RECORDS FOR THIS EXERCISE:
#####
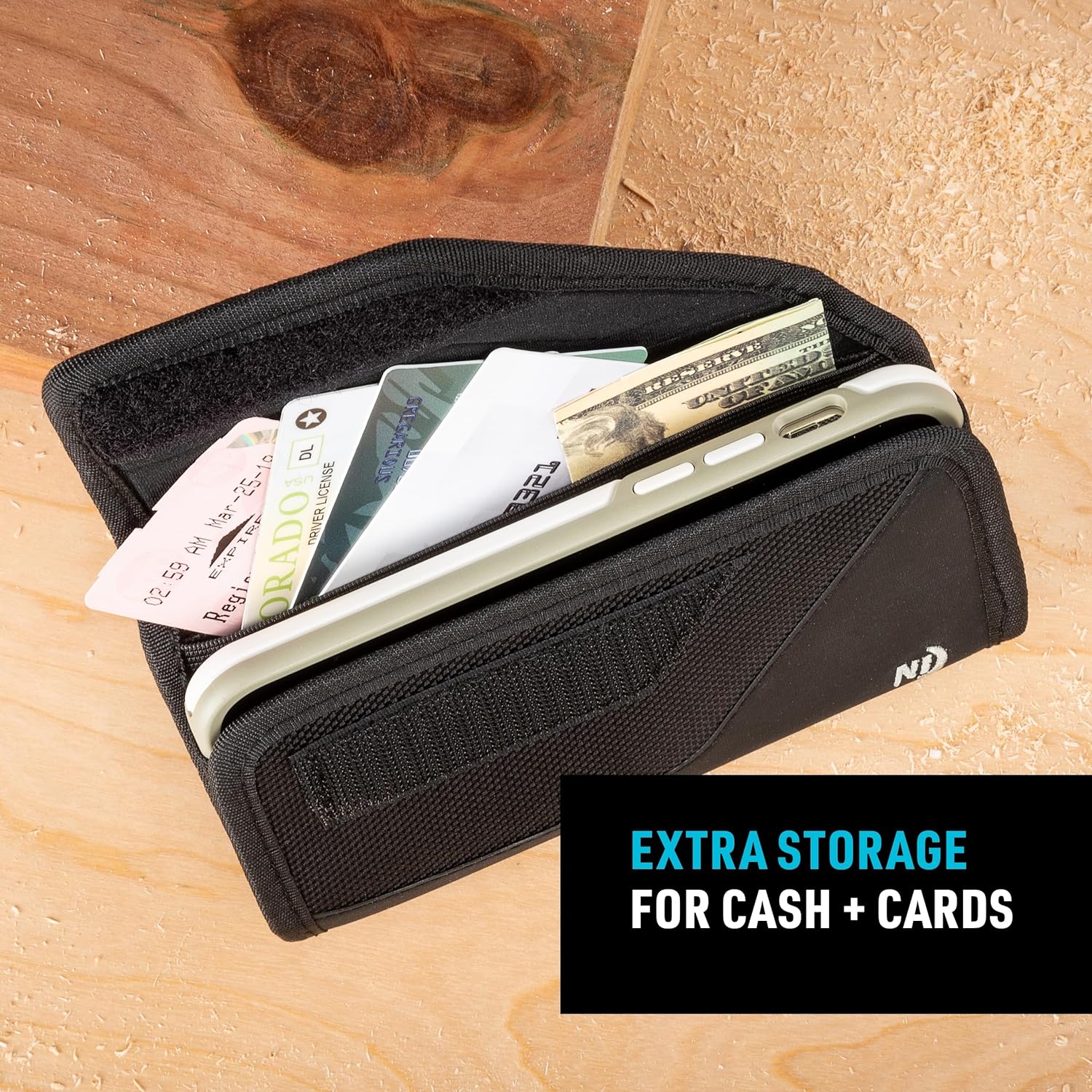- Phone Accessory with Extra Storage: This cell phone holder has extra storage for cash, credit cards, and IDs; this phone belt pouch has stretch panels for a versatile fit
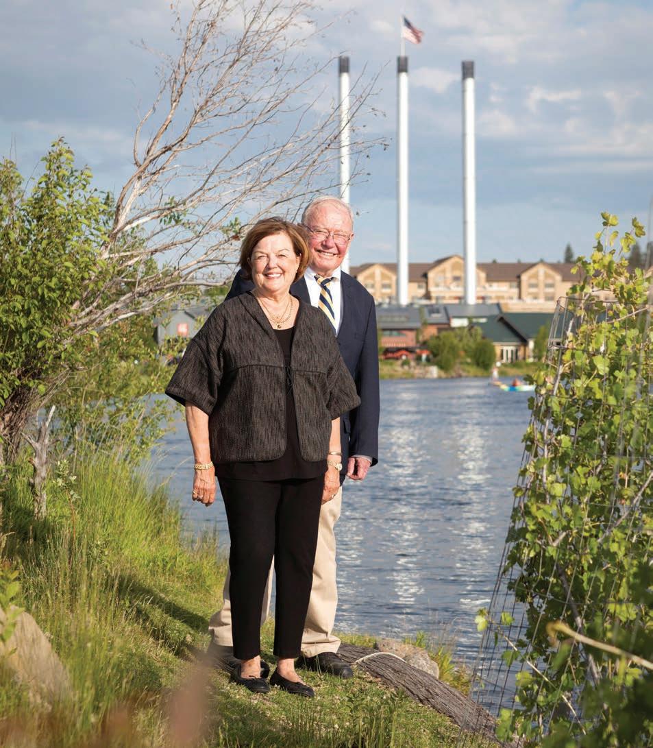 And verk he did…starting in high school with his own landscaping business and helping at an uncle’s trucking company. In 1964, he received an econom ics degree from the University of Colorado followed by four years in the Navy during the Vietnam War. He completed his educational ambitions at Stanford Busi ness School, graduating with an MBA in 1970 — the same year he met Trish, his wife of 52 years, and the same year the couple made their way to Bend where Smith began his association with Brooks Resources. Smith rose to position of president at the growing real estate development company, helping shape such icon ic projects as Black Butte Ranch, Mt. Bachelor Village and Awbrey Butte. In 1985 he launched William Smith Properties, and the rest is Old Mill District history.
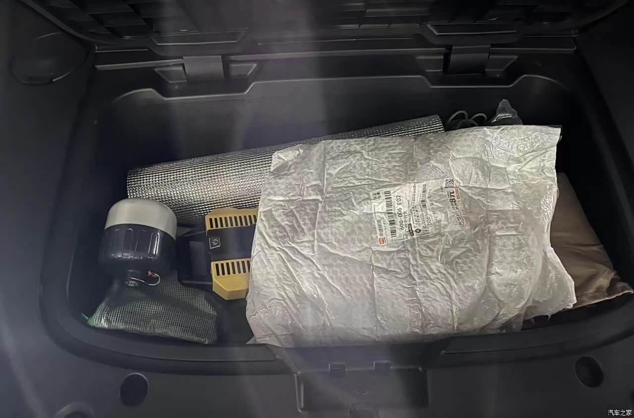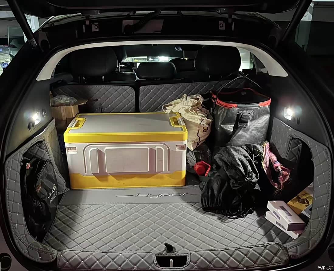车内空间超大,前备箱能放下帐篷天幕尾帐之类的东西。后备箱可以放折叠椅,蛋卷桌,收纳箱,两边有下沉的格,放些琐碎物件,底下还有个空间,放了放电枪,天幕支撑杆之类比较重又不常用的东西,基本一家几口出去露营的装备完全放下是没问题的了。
#####
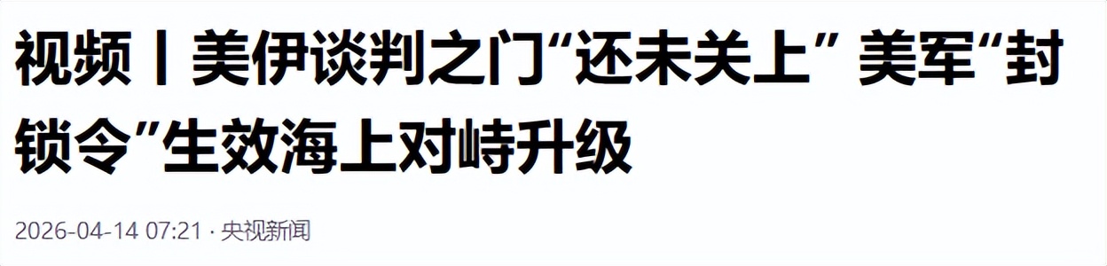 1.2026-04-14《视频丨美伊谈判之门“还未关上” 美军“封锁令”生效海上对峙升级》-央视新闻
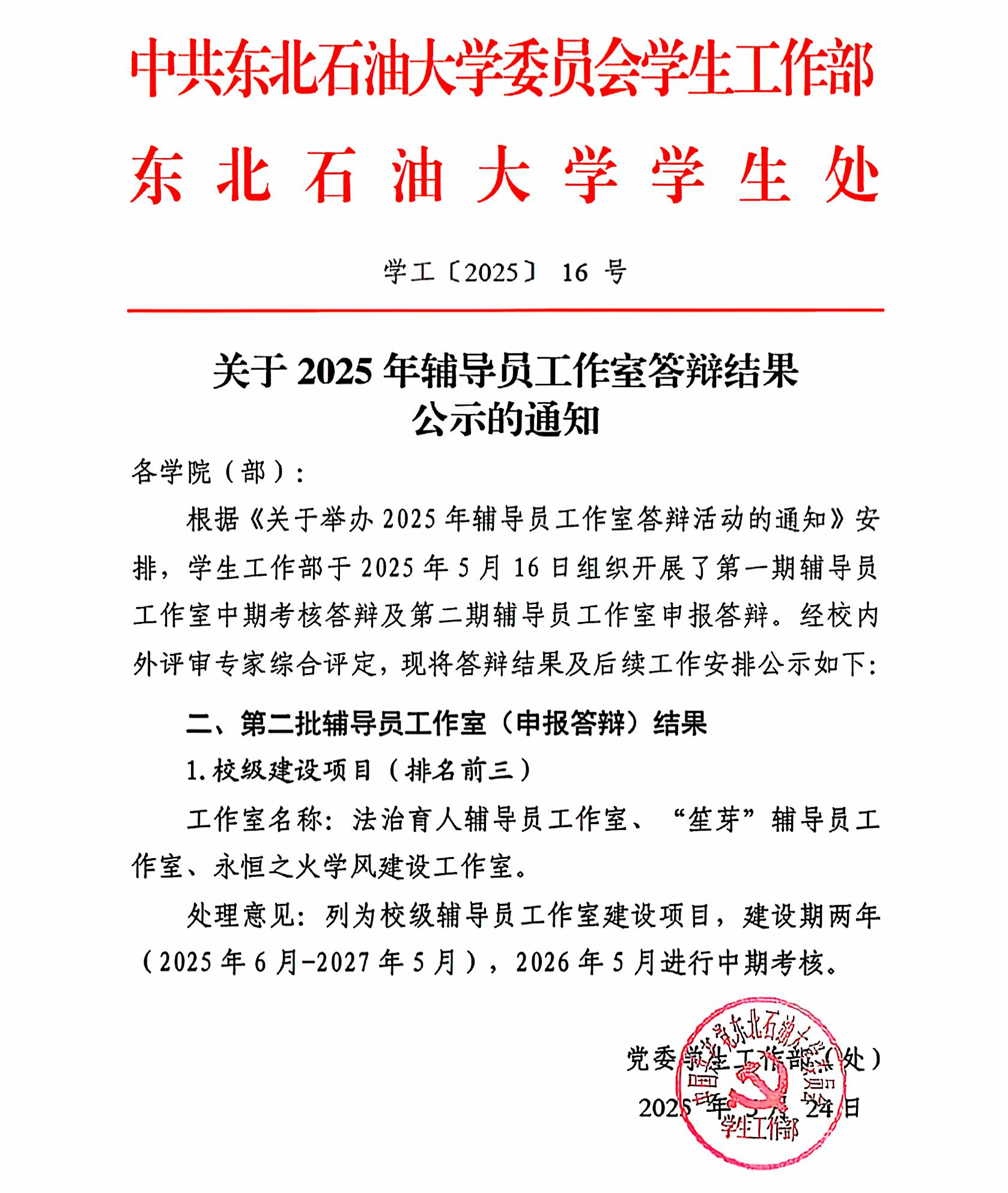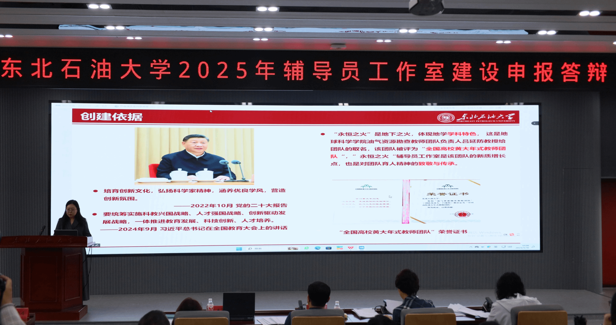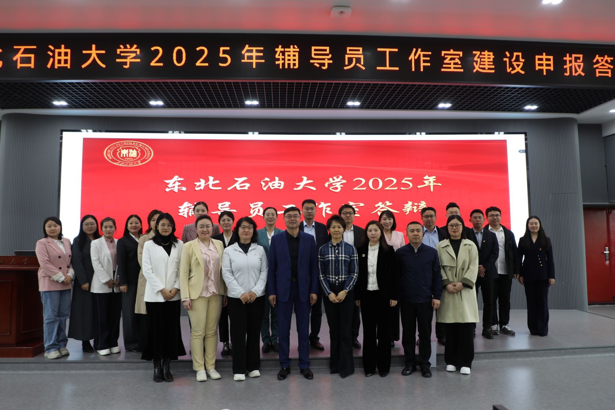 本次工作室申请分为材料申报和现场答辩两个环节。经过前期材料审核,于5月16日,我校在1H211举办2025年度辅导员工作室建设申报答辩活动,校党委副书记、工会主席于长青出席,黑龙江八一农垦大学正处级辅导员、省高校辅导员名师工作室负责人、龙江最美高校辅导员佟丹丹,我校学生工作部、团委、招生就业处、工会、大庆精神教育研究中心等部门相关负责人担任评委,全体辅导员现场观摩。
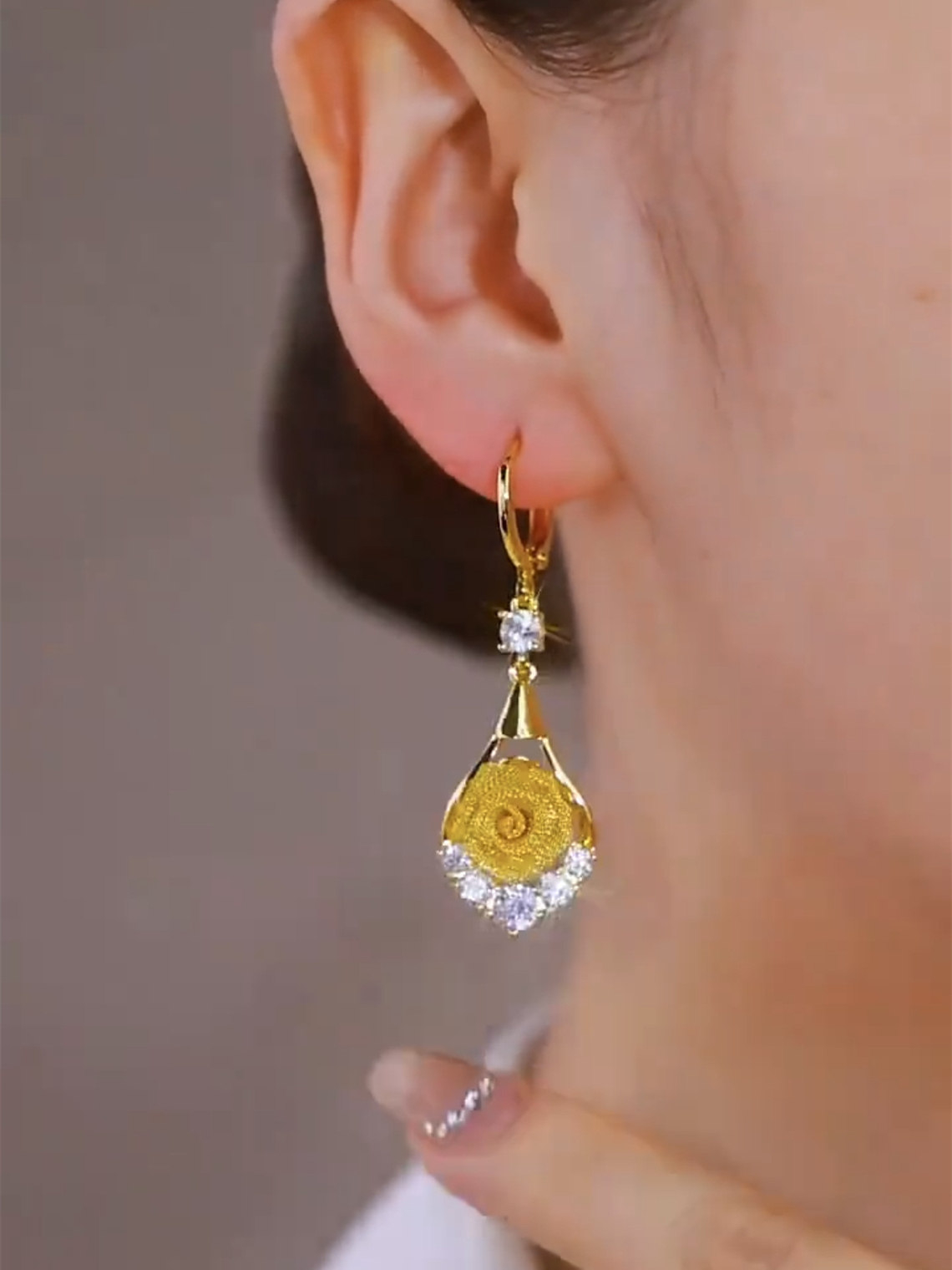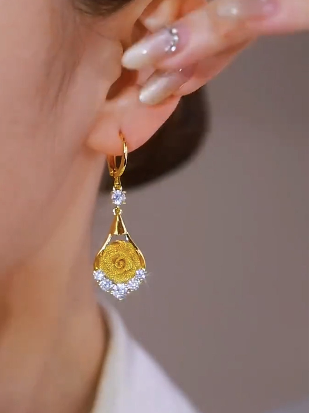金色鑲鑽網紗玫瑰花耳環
#####
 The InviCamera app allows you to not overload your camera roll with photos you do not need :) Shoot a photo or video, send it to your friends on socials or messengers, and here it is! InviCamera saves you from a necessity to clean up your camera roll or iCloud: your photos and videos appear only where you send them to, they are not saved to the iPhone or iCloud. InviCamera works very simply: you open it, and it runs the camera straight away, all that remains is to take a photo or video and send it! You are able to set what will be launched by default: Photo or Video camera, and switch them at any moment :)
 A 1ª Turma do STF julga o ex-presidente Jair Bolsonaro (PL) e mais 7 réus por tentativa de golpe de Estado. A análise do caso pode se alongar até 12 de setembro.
#####
AIM OF THE TASK: Without the pictures, set down the lines above from the line with "本次工作室申请分为材料申报和" up to and including the line with "金色鑲鑽網紗玫瑰花耳環" exactly as they stand.

EXERCISE SOLUTION:
 本次工作室申请分为材料申报和现场答辩两个环节。经过前期材料审核,于5月16日,我校在1H211举办2025年度辅导员工作室建设申报答辩活动,校党委副书记、工会主席于长青出席,黑龙江八一农垦大学正处级辅导员、省高校辅导员名师工作室负责人、龙江最美高校辅导员佟丹丹,我校学生工作部、团委、招生就业处、工会、大庆精神教育研究中心等部门相关负责人担任评委,全体辅导员现场观摩。
金色鑲鑽網紗玫瑰花耳環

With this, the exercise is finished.